NASHVILLE – Civil rights leader Benjamin L. Hooks, who shrugged off courtroom slurs as a young lawyer before earning a pioneering judgeship and later reviving a flagging NAACP, died Thursday in Memphis. He was 85.
Across the country, political leaders and Hooks’ peers in the civil rights movement remembered his remarkably wide-ranging accomplishments. State Rep. Ulysses Jones, a member of the church where Hooks was pastor, said Hooks died at his home following a long illness.
Hooks took over as the NAACP’s executive director at a time when the organization’s stature had diminished in 1977. Years removed from the civil rights battles of the 1960s, the group was $1 million in debt and its membership had shrunk to 200,000 members from nearly a half-million a decade earlier.
By the time he left as executive director in 1992, the group had rebounded, with membership growing by several hundred thousand.

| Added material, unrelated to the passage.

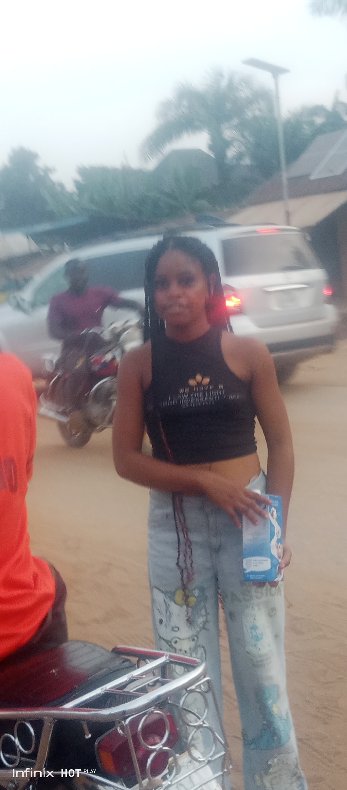 A young woman with braided hair stands outside, wearing a black crop top and light-wash jeans adorned with cartoon character graphics. She holds a small, blue carton in her hand. Behind her, a silver SUV is partially visible, with a person on a motorcycle nearby. The scene appears to be in a residential or semi-rural area, with trees and a solar-powered street light in the background. The image has a slightly hazy quality, suggesting it might be dusk or dawn.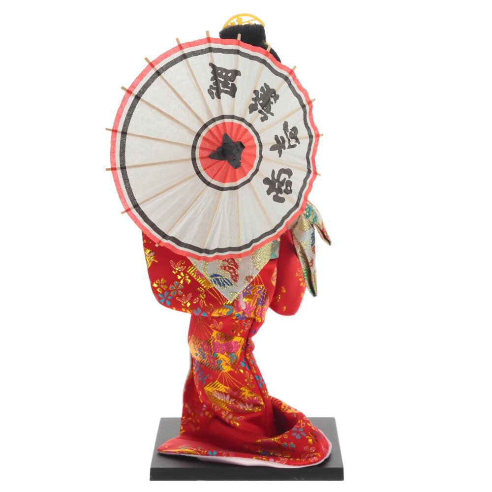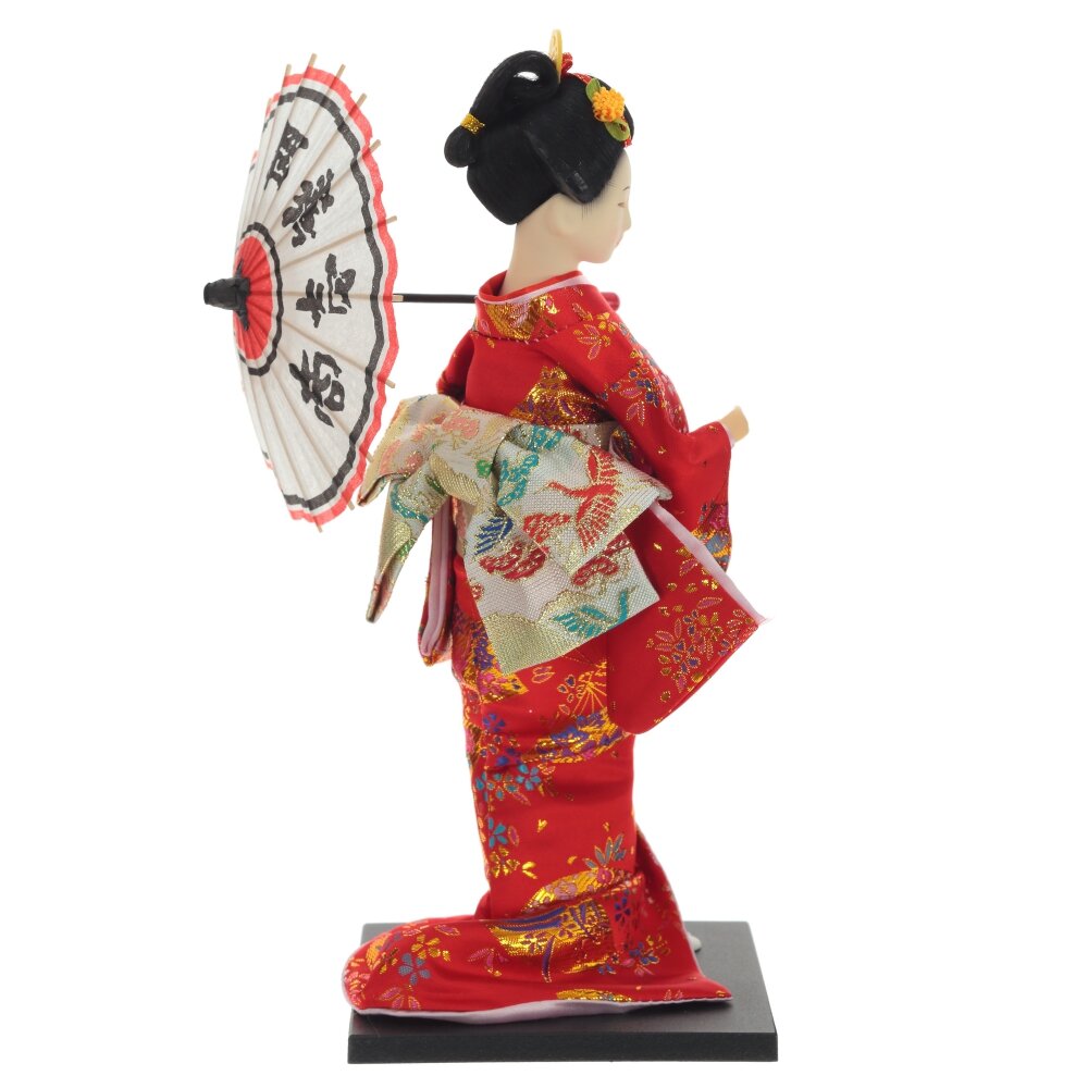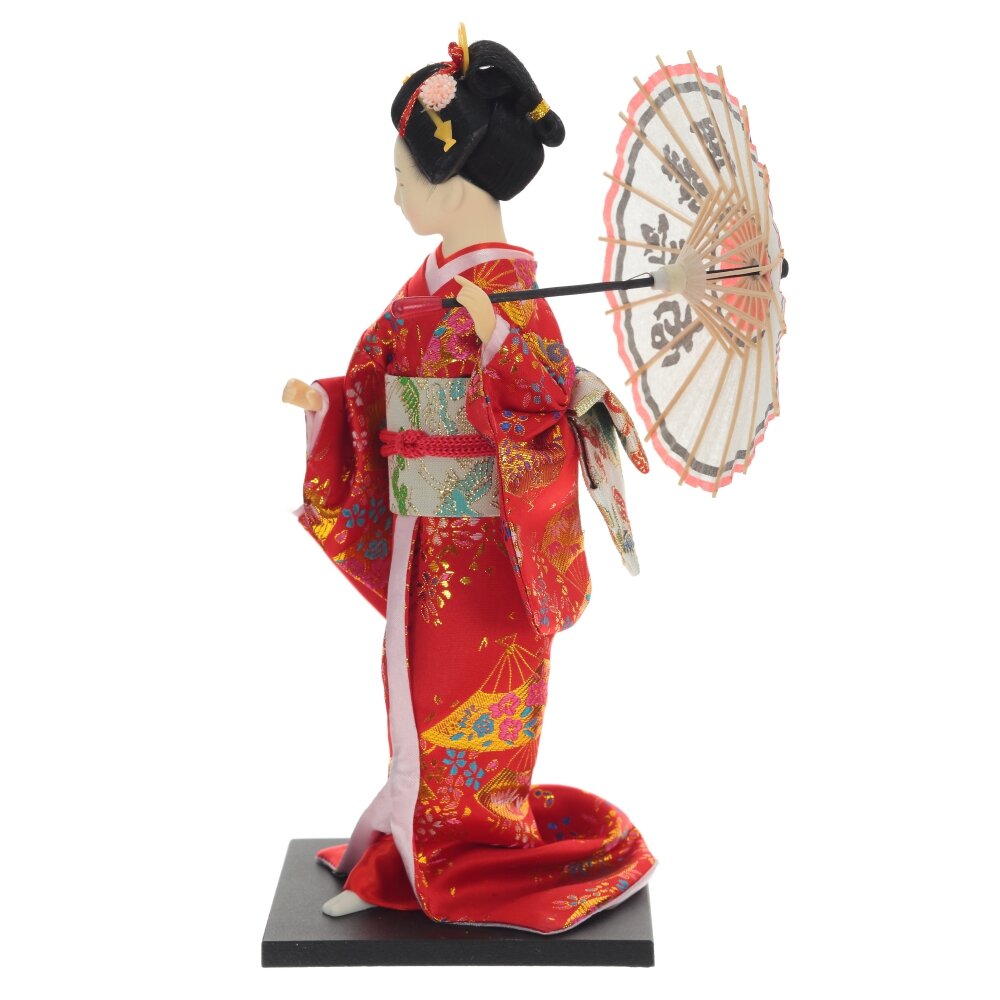 Гейша - символ японской культуры. Она одета в яркое кимоно розового цвета с золотистым поясом. У нее в руке традиционный японский зонтик из бумаги. Этот сувенир ручной работы будет отличным подарком для всех любителей восточного искусства.

He used community radiothons to raise awareness of local NAACP branches’ work and to boost membership.
Hooks’ inspiration to fight social injustice and bigotry stemmed from his experience guarding Italian prisoners of war while serving overseas in the Army during World War II. Foreign prisoners were allowed to eat in “for whites only” restaurants while he was barred from them.
In 1965 Hooks was appointed to a newly created seat on the Tennessee Criminal Court, making him the first black judge since Reconstruction in a state trial court anywhere in the South.